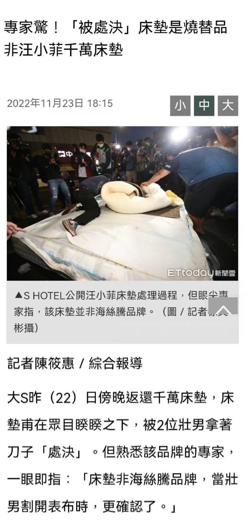 但沒多久,台媒就報導表示「被處決」的床墊是替代品,並非汪小菲的那張海絲騰👇
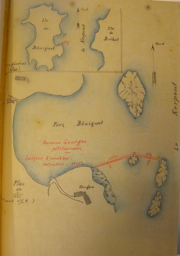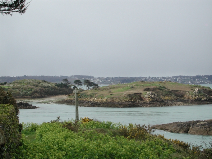 L'Île Béniguet (ou 'Biniguet', 'île Bénie') apparaît, en 1198, dans une lettre du pape Innocent III qui énumère les biens de l'abbaye de l'Île Saint-Riom ; de même en 1214, dans l'aumône faite par Conan, frère du duc de Bretagne. Elle fut occupée au cours des siècles par de nombreuses familles de cultivateurs-pêcheurs-goémoniers. Au 18ème siècle, l'île faisait vivre une cinquantaine d'habitants. De nombreux bâtiments, à usage domestique et agricole, datés du 1er quart du 19ème siècle, attestent de l'économie agricole de l'île. Il y aurait eu une chapelle sur l'île dédiée à saint Guénolé, attestée par une bulle du pape Innocent III, datée de 1198, qui précise que cet édifice aurait été donnée à l'abbaye de Saint Riom. Au 13ème siècle, la charge de cette chapelle était assurée par le recteur de Bréhat. Au 17ème siècle, l'édifice religieux appartenait au duc de Richelieu, héritier des anciens seigneurs de Belloy. La chapelle était en ruines à la Révolution. Il ne reste aucun vestige de cette chapelle, qui évoque un lieu dit sur le cadastre napoléonien de 1832 : 'Tal ar Chapel' (le 'Front de la Chapelle'), à l'Ouest, face au Kerpont. On relève pour la toponymie de l'île les toponymes suivants : 'Beg al Lann' (la 'pointe de la Lande'), 'Aod ar C'hozierou ou Koz Tiedou' (la 'Grève des vieilles maisons'), 'Beg Raden Veur' (la 'Pointe des hautes fougères'), au Sud-Ouest, constitué de 5 édifices, dont 3 bâtiments alignés, 'Mez ar Run', constitué de 2 bâtiments, 'Roc'h ar Gored' (le 'Rocher de la Pêcherie'), au Nord-Est, 'Roc'h ar Ouelen' (le 'Rocher du Goéland'), 'Pors Beniguet' le 'Port de Béniguet', au Nord-Ouest, 'Crech' Braz' (le 'Grand Tertre'), au centre de l'île, constitué de 12 édifices cadastrés, avec un chemin d'accès. Le lieu dit 'Kegaro', au Nord-Est, comprend les deux bâtiments les plus anciens à usage agricole, cadastrés en 1708 et 1707, et plus au Sud est porté le signal de 'Biniguet'. La Pointe de 'Roc'h ar Héré, au Sud du Karpont, comprend deux bâtiments (C 1727-1728). Au début du 20ème siècle, quatre familles vivaient en permanence sur l'île, dont les Collen, Chevoir et Corlouër. La première cale maçonnée de l'île fut construite sur la côte Nord par Madame Tirel, en 1921 pour l'usage de ses embarcations. Puis la cale Sud fut érigée en 1936. Le lieu où on accostait sur l'île a conservé son nom de 'Toull Karr', le 'charroi, qui permettait de traverser le Karpont à marée basse. L'île connut au cours du 20ème siècle, de nombreux propriétaires, en individuels ou en société, comme la 'Société agricole, Béniguet et extension', en 1930, avant d'être vendue en 1940 à la famille Fouillet et aujourd'hui à une nouvelle société foncière, qui a réalisé de nombreux travaux (cales et murs ceinturant l'île, cales, rénovation du bâti). Cependant, une partie des terres de l'Île Béniguet sont communales, dont le chemin vicinal, qui conduit de la rive Est à l'ancienne ferme de l'île. L'Îlot Grouezen ('Grou Ezen'), en partie privée, est cadastrée avec des parcelles numérotées (en bandes étroites) de 1887 à 1893.
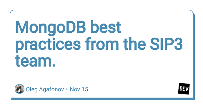 User agafox and the team at SIP3 has kindly shared the best practices they’ve learned for using MongoDB. Bookmark it:

----

Retype the lines above exactly, no pictures.

 但沒多久,台媒就報導表示「被處決」的床墊是替代品,並非汪小菲的那張海絲騰👇
 L'Île Béniguet (ou 'Biniguet', 'île Bénie') apparaît, en 1198, dans une lettre du pape Innocent III qui énumère les biens de l'abbaye de l'Île Saint-Riom ; de même en 1214, dans l'aumône faite par Conan, frère du duc de Bretagne. Elle fut occupée au cours des siècles par de nombreuses familles de cultivateurs-pêcheurs-goémoniers. Au 18ème siècle, l'île faisait vivre une cinquantaine d'habitants. De nombreux bâtiments, à usage domestique et agricole, datés du 1er quart du 19ème siècle, attestent de l'économie agricole de l'île. Il y aurait eu une chapelle sur l'île dédiée à saint Guénolé, attestée par une bulle du pape Innocent III, datée de 1198, qui précise que cet édifice aurait été donnée à l'abbaye de Saint Riom. Au 13ème siècle, la charge de cette chapelle était assurée par le recteur de Bréhat. Au 17ème siècle, l'édifice religieux appartenait au duc de Richelieu, héritier des anciens seigneurs de Belloy. La chapelle était en ruines à la Révolution. Il ne reste aucun vestige de cette chapelle, qui évoque un lieu dit sur le cadastre napoléonien de 1832 : 'Tal ar Chapel' (le 'Front de la Chapelle'), à l'Ouest, face au Kerpont. On relève pour la toponymie de l'île les toponymes suivants : 'Beg al Lann' (la 'pointe de la Lande'), 'Aod ar C'hozierou ou Koz Tiedou' (la 'Grève des vieilles maisons'), 'Beg Raden Veur' (la 'Pointe des hautes fougères'), au Sud-Ouest, constitué de 5 édifices, dont 3 bâtiments alignés, 'Mez ar Run', constitué de 2 bâtiments, 'Roc'h ar Gored' (le 'Rocher de la Pêcherie'), au Nord-Est, 'Roc'h ar Ouelen' (le 'Rocher du Goéland'), 'Pors Beniguet' le 'Port de Béniguet', au Nord-Ouest, 'Crech' Braz' (le 'Grand Tertre'), au centre de l'île, constitué de 12 édifices cadastrés, avec un chemin d'accès. Le lieu dit 'Kegaro', au Nord-Est, comprend les deux bâtiments les plus anciens à usage agricole, cadastrés en 1708 et 1707, et plus au Sud est porté le signal de 'Biniguet'. La Pointe de 'Roc'h ar Héré, au Sud du Karpont, comprend deux bâtiments (C 1727-1728). Au début du 20ème siècle, quatre familles vivaient en permanence sur l'île, dont les Collen, Chevoir et Corlouër. La première cale maçonnée de l'île fut construite sur la côte Nord par Madame Tirel, en 1921 pour l'usage de ses embarcations. Puis la cale Sud fut érigée en 1936. Le lieu où on accostait sur l'île a conservé son nom de 'Toull Karr', le 'charroi, qui permettait de traverser le Karpont à marée basse. L'île connut au cours du 20ème siècle, de nombreux propriétaires, en individuels ou en société, comme la 'Société agricole, Béniguet et extension', en 1930, avant d'être vendue en 1940 à la famille Fouillet et aujourd'hui à une nouvelle société foncière, qui a réalisé de nombreux travaux (cales et murs ceinturant l'île, cales, rénovation du bâti). Cependant, une partie des terres de l'Île Béniguet sont communales, dont le chemin vicinal, qui conduit de la rive Est à l'ancienne ferme de l'île. L'Îlot Grouezen ('Grou Ezen'), en partie privée, est cadastrée avec des parcelles numérotées (en bandes étroites) de 1887 à 1893.
 User agafox and the team at SIP3 has kindly shared the best practices they’ve learned for using MongoDB. Bookmark it:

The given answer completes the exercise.